HUERFANOS PERO CON IPHONE

 

Cuando yo era niño, la patria de los niños era la calle, un país de dimensiones variables y fronteras irregulares en el que éramos soberanos de nosotros mismos y de nuestro tiempo.  Por desgracia, aquella patria ha sido conquistada por el miedo. En nombre del miedo y la seguridad los niños han sido expulsados de la calle, han visto reducido su mundo a las cuatro paredes de su habitación, y sus relaciones sociales y afectivas, su capacidad asociativa y su conciencia del bien común habrán sido debidamente amputadas para cuando tengan edad de votar. Para producir ciudadanos obedientes no hay mejor cantera que la del capitalismo.

Esta pérdida de la identidad colectiva está estrechamente ligada a la pérdida de derechos y libertades sociales que estamos sufriendo. La comunidad, entendida como un ente solidario, se ha roto, sustituida por una cultura del sálvese quien pueda y de ver al semejante no como alguien a quien unirse, sino como al enemigo contra el que luchar. No nos gustan nuestros iguales porque reflejan una imagen de nosotros mismos que nos han vendido como un fracaso, y por eso hay que subir más alto que ellos y aplastarles la cabeza en el camino a ser posible. Como decía Aute, “ahora que ya no hay trincheras, el combate es la escalera.”
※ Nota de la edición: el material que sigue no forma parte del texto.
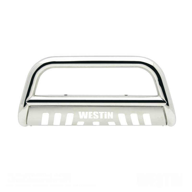 E-Series Bull Bar Westin(TM) E-Series Bull Bars are a front-end light bar designed for trucks and larger model SUVs. It is made of 3 diameter polished stainless steel tube. It mounts utilizing existing vehicle mounting points and installation does not require any drilling to the vehicle frame. Comes complete with mounting kit the Westin(TM) E-Series Bull Bar provides a mounting point for 2 auxiliary lights up to 6 in diameter. It features a die-cut Westin(TM) block logo design on the stainless steel skid plate unique to the Westin(TM) E-Series Bull Bar. Mount kit included Made of 3" diameter stainless steel tubing Stainless bull bar comes with brushed skid plate Black bull bar comes with textured black skid plate Fully welded cross tube

Estos niños que crecen huérfanos de calle tampoco suelen encontrar en casa esas relaciones afectivas y asociativas que puedan hacer de ellos en el futuro ciudadanos contestatarios. No hablo de sentimientos, sino de una dinámica perversa que hace de las familias núcleos de personas que viven, pero no conviven. En la mayoría de casos, padres y madres se enfrentan a jornadas interminables de trabajo, no son dueños de su presente ni de su futuro, ensombrecido por la incertidumbre, por la amenaza del desempleo, por la precariedad. Los bajos salarios no les permiten tampoco ser dueños de su ocio salvo que este implique quedarse en casa enganchados a una plataforma de televisión consumiendo compulsivamente un capítulo tras otro de la serie de moda. Netflix es el nuevo opio del pueblo. Así, el hogar va dejando de ser un lugar de encuentro y hermandad para asemejarse a esos espacios de coworking donde varios desconocidos se dedican cada uno a lo suyo sin apenas interacción entre ellos. Si en las oficinas hay coworking, en las casas se está instalando el coliving.

Así, doblemente huérfanos de calle y de familia, los niños van creciendo en el individualismo, en la insolidaridad y en el miedo a lo de afuera, que puede adoptar varias máscaras según quien se apropie del relato. Son víctimas de un mundo que les necesita sumisos, aturdidos y conformes, convencidos de que no hay nada que hacer: un ejército de sombras armadas con iphones a los que conducimos derechos hacia el precipicio.